I think you logic is wrong

Let we have 4 cards 6,5,5,5

Here maximum card=6

MX=1

So according to you ans=2^n=2^4=16

But its wrong if 5,5 belong to one player and 6, 5 belong to other player the match will be draw and hence here ans=10

The problem is in these lines -

ll no = ((power(2, n - count) * calculate(count) % M + M)) % M;

cout << (power(2, n) - no) % M << endl;

The value of no can be greater than power(2, n) which will result in a negative value in the answer. As, I have mentioned in the video, you need to add M to make the final value positive.
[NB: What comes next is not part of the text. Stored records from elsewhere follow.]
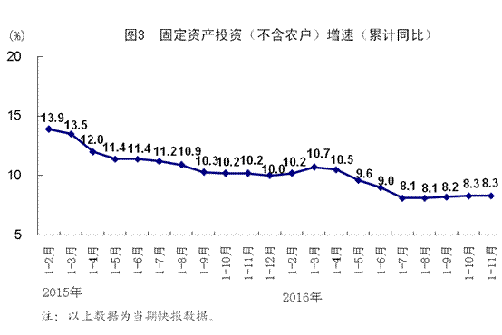 1-11月份,全國(guó)固定資產(chǎn)投資(不含農(nóng)戶)538548億元,同比增長(zhǎng)8.3%,增速與1-10月份持平。其中,國(guó)有控股投資191080億元,增長(zhǎng)20.2%;民間投資331067億元,增長(zhǎng)3.1%,比1-10月份加快0.2個(gè)百分點(diǎn),占全部投資的比重為61.5%。分產(chǎn)業(yè)看,第一產(chǎn)業(yè)投資17099億元,同比增長(zhǎng)21.9%;第二產(chǎn)業(yè)投資210062億元,增長(zhǎng)3.3%,其中制造業(yè)投資170152億元,增長(zhǎng)3.6%,比1-10月份加快0.5個(gè)百分點(diǎn);第三產(chǎn)業(yè)投資311387億元,增長(zhǎng)11.3%,其中基礎(chǔ)設(shè)施投資105938億元,增長(zhǎng)18.9%。高技術(shù)產(chǎn)業(yè)投資同比增長(zhǎng)15.9%,增速快于全部投資7.6個(gè)百分點(diǎn)。固定資產(chǎn)投資到位資金548462億元,同比增長(zhǎng)5.4%。其中,國(guó)家預(yù)算資金增長(zhǎng)16.5%,國(guó)內(nèi)貸款增長(zhǎng)8.9%,自籌資金下降0.4%,利用外資下降20.4%。新開工項(xiàng)目計(jì)劃總投資452548億元,同比增長(zhǎng)21.0%。從環(huán)比看,11月份固定資產(chǎn)投資(不含農(nóng)戶)比上月增長(zhǎng)0.54%。
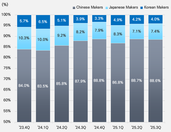 국적별 점유율 측면에서는 중국 기업들이 전체 시장의 약 90%에 육박하는 점유율을 기록하며 독주 체제를 이어가고 있다. ’23년 3분기 이후 일본과 한국 기업의 점유율은 지속적으로 감소하는 추세이며, ’25년 3분기에는 일본 7.4%, 한국 4%로 집계됐다.
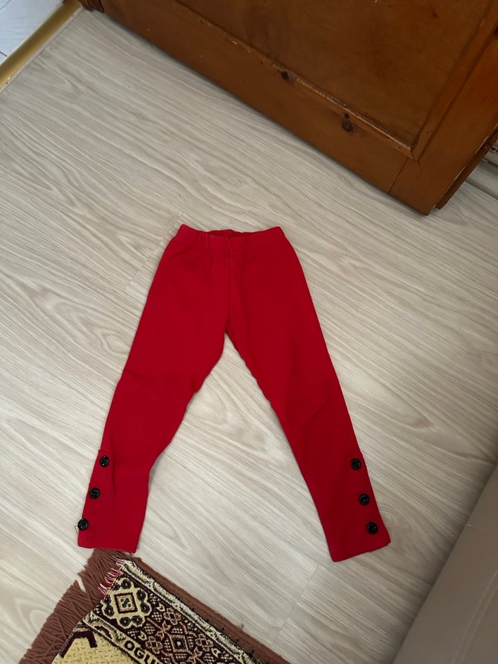 Kırmızı renkli, düğme detaylı ve rahat kesime sahip, yumuşak ve sıcak kumaştan üretilmiş kız çocuk taytı. Sokak tarzı için uygun. 3 tane
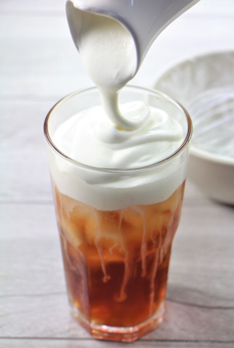 - Dễ pha chế, dễ bảo quản Không cần kết hợp với topping hoặc whipping cream (2 loại cream này cũng có thể tạo ra váng sữa, nhưng không bảo quản được lâu sau khi mở hộp), giữ lớp foam sữa đứng lâu hơn khi phủ lên các món nước như trà, cà phê…

This is always done after subtracting during a MODULUS operation, to get a positive value.

So, the correct code would be -

ll no = ((power(2, n - count) * calculate(count) % M + M)) % M;

cout << (power(2, n) - no + M) % M << endl;

This is how the game progresses, if 5, 5 belongs to one player and 6, 5 belongs to the other player -

First player - 5 5

Second player - 6 5

Second player wins the round.

First player - 5

Second player - 5 6 4

The round is a draw, so both player keep their cards at the bottom of their piles.

First player - 5

Second player - 6 4 5

Second player wins the round.

First player -

Second player - 4 5 6 4

First player has no card left, so second player wins the came. The game will not end in a draw.